В своей среде — искусствоведов, критиков, историков литературы — я знаю весьма распространенный грех: часто мы любим не столько самое произведение, сколько свои знания о нем. И тогда система связей, в которую мы помещаем художественный текст, затемняет исходную, собственную красоту этого текста. Мария Виролайнен как раз в этом, думаю, неповинна. Далеко не все, что она пишет, основано на простом фактическом знании.

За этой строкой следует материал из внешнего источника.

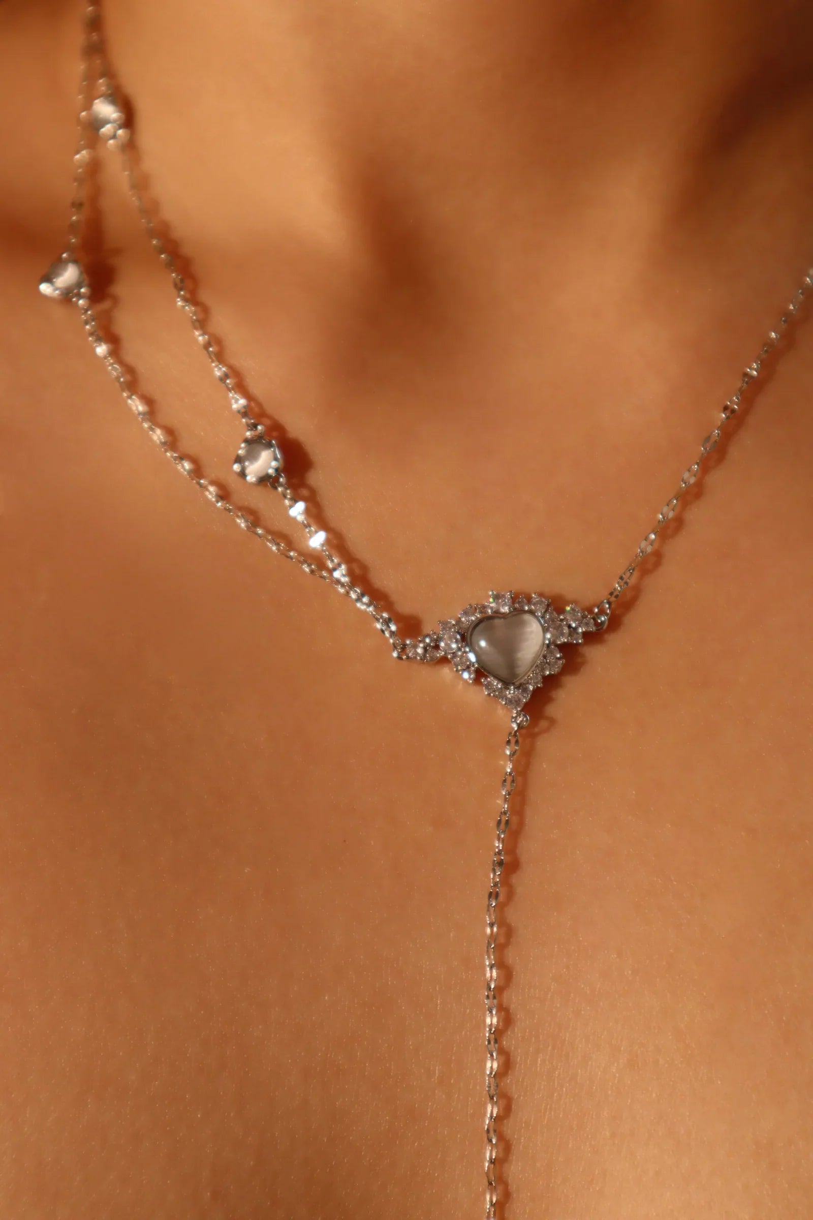 Beyaz Opal Kalp Kolye

Проверю себя на пушкиноведческом фрагменте, с которым могу и поспорить. Речь идет о работе «Генеалогический принцип в истории. (Пушкинский проект из десяти названий: опыт реконструкции)». Она построена на автографе Пушкина, относимом к 1826 году; традиционно считается, что поэт набросал здесь названия будущих, еще не написанных «маленьких трагедий». Перечислены «Скупой», «Ромул и Рем», «Моцарт и Сальери», «Д. Жуан», «Иисус», «Беральд Савойский», «Павел I», «Влюбленный бес», «Димитрий и Марина», «Курбский».
Разбирая этот набросок (план?), Виролайнен вовлекает читателя в головокружительное путешествие по истории времен и народов, по миру пушкинского сознания, в котором будто бы равноправно обитают образы Древнего Рима и русского Смутного времени, готического Средневековья и раннего христианства, демонической мистики и романтизма императора Павла. Чувствуется, какое удовольствие сам автор получает от своих экскурсов. Все замечательно, как говаривал булгаковский Коровьев, «все очарованы, влюблены, раздавлены! Сколько такта, сколько умения, обаяния и шарма!».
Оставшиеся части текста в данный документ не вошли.